The only fix I have come across for this problem is to use the Google Libraries plug in.
He did try that already, mrsreeder.
Two suggestions from me.
– create a new user in the admin with the same rank as your current user, log off, re-log as the new user, and see if the problem remains. A bit more than a year ago, I had the visual editor broken with a user, while a newly created account didn’t have the problem, turned out something got messed up in the database options for the user, I ended up manually cloning, within phpmyadmin open in two tabs, the user options from one user to another. And boom, problem gone.

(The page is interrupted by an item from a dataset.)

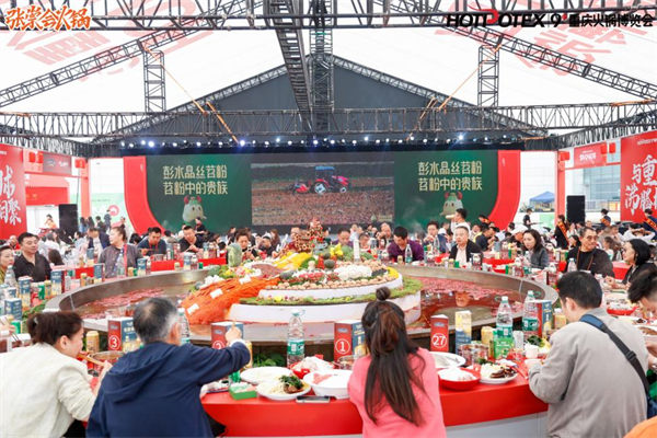 在重慶火鍋博覽會期間,備受矚目的“重慶火鍋天下宴”設置了一個可容納348人同時涮燙的巨型火鍋區,成為展會的亮點之一。該區域內的特制大火鍋一次可供60人同燙同涮,此外還設置了36桌火鍋宴席,由2024年榮獲重慶火鍋超級ONE品牌稱號的秦媽、珮姐和家一加3個火鍋品牌共同運營。多個品牌的快閃店也加入其中,以正宗的重慶風味款待來自各地的觀眾。

– some say that time is money, so if you’ve been spending hours on it already, and you’re pissed off, and ten bucks isn’t much for you, how about you try your blog on another web host, just for a couple of days ? Create yourself a godaddy hosting account – just kidding, go for hostgator or any other quality host, godaddy isn’t worth it – upload a clone of the blog to the new hosting account, change the domain nameservers in your registrar’s options, come back 24 hours later when the change is effective (or use whatsmydns.net to see if the change has propagated to you already, or update a little something in the blog’s template to see which version you’re seeing, whatever works).
And there you are, you can see, in exchange of 30 minutes and probably ten bucks, if this was related to your web host.
I think I tried the ‘user’ trick, but will do it again, because I can’t remember for sure. As far as the secondary hosting thing… I’ll have to think about it. Do you think a LAMP virtual machine with a copy of the site on my local LAN be a valid test?
While a LAMP virtual machine could run your blog, you’d have adjustements to make to have it work locally, and that doesn’t tell you it would work with another web host.
But, hey, sure, you can try it locally. I’m not familiar with the adjustments to make to have a blog configured to be online work locally, so it would take me longer than setting it up with another web host, haha ^^ If something is definitely broken inside the blog, it will also be also broken locally.